Так и с электричеством, которым так переполнены утопии наших дней. Если часть этих утопий и осуществится при наших правнуках, то их жизнь сделается такою однообразною, безцветною и мертвящею, что они рады будут скорее избавиться от нея.

В самом деле, представьте себе, что в будущем электричество возьмет на себя все заботы о человеке: станет освещать его, греть, лечить, варить для него кушанье, даже в случаях нужды наказывать его. Электричество будет питать младенцев грудью, укачивать их в колыбельках, отшлепывать за шалости, воспитывать, контролировать каждый наш шаг в жизни, сжигать трупы и убирать их пепел и т. д. Быт-может, с помощью того же электричества будут выводиться и дети, подобно тому, как теперь этим путем выводят цыплят.

В новом мире, благоустраиваемом нашими прогрессивными реформаторами, единственною самодовлеющою силой признается электричество: на ряду с ним люди будут лишь безвольными автоматами.

Однако, заговорив об этих утопиях, я вовсе не хотел распространяться об электричестве; мне хотелось только сказать об "оригинальности" современных сочинителей утопий. В сущности, в них нет ни капли истинной оригинальности. Человеческая мысль вообще лишена оригинальности. Никто еще не придумал ничего действительно новаго; все только перекраивают на свой лад старое. Вообще, повторяю, воображение людей очень ограничено.

Когда спросили одного старого моряка, что бы он стал делать, если бы вдруг оказался миллионером, он ответил:

- Скупил бы весь ром и весь табак со всего света.

- Отлично. Ну а потом?

- Что "потом"? - не понял моряк.

- Что же вы стали бы покупать потом, когда у вас оказался бы в руках весь ром и весь табак со всего света?

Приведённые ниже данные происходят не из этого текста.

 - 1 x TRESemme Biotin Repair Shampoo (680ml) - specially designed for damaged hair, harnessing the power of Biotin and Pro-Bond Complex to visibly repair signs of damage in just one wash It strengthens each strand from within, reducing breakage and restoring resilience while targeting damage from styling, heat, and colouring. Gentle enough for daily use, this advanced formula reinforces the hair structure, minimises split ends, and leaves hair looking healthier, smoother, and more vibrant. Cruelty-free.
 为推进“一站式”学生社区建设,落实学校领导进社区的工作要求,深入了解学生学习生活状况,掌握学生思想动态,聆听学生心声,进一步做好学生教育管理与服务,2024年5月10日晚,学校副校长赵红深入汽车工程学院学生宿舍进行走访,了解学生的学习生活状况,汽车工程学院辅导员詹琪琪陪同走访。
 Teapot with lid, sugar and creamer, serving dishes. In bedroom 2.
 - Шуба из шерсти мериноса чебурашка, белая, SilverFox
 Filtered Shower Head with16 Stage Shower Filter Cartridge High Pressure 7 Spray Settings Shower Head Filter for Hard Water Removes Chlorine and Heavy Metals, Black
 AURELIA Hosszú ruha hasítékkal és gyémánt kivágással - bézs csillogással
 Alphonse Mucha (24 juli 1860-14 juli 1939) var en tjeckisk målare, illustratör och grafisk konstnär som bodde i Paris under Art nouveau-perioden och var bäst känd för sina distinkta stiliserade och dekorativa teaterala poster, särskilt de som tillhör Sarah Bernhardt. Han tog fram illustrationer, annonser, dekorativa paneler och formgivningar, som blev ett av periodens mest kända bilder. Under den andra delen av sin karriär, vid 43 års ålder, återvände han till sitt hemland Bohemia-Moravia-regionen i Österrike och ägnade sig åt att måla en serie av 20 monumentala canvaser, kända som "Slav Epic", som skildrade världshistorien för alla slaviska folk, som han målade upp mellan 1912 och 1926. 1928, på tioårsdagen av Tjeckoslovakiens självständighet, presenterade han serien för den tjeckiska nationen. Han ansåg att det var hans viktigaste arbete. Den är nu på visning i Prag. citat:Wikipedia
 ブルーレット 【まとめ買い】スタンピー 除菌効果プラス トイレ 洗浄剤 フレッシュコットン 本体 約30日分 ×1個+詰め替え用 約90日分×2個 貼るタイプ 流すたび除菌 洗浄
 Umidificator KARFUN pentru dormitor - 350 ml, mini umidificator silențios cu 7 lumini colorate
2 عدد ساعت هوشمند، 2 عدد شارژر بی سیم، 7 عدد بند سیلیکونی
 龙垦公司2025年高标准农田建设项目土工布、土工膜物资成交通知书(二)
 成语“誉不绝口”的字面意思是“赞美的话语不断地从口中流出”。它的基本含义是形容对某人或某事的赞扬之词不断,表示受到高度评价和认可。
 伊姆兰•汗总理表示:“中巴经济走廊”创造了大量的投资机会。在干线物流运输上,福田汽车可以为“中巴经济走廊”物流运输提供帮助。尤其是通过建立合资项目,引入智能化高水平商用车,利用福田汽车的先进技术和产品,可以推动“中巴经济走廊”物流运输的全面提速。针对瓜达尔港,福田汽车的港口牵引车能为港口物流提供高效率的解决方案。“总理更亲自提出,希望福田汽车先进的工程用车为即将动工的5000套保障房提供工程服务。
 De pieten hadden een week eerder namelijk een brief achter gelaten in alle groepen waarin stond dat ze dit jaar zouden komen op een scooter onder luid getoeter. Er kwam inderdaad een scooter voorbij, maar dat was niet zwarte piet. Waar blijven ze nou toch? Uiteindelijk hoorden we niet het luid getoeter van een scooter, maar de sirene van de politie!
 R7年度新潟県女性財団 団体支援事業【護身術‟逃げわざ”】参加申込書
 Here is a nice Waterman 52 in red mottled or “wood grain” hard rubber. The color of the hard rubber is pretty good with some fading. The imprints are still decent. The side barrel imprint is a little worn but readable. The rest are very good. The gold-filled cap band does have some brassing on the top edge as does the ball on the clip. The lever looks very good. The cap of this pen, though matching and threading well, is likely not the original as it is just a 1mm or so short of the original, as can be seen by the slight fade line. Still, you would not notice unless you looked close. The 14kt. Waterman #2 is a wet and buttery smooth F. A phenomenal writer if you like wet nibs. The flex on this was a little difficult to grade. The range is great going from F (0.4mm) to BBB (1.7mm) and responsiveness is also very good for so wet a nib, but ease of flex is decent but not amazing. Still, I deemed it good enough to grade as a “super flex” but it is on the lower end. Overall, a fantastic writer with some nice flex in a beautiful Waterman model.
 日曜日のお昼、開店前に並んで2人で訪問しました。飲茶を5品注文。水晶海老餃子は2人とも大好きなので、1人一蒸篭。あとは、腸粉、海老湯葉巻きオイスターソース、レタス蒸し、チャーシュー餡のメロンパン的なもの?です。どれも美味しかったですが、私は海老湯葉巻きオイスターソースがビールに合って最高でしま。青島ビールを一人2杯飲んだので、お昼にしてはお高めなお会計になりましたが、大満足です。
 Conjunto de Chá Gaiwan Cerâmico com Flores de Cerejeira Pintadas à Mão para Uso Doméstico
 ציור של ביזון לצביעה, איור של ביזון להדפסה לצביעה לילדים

- А-а... Гм?.. (длинная пауза, затем с воодушевлениемь) Потом я стал бы искать, нет ли еще где завалящего рома и табаку.

Ром и табак оказались для этого моряка единственными предметами, достойными покупки, поэтому он ничего другого и не мог придумать.

Наверно и наши утописты недалеко ушли от этого простого человека. Попробуйте спросить их, чего еще останется человечеству желать, когда их "рай" уже осуществится на земле, когда вся жизнь для людей будет оборудована электричеством, когда даже мыслить и говорить они будут посредством электричества. Что же тогда останется господам утопистам ответить, как не следующее:

- Тогда люди будут желать еще больше электричества.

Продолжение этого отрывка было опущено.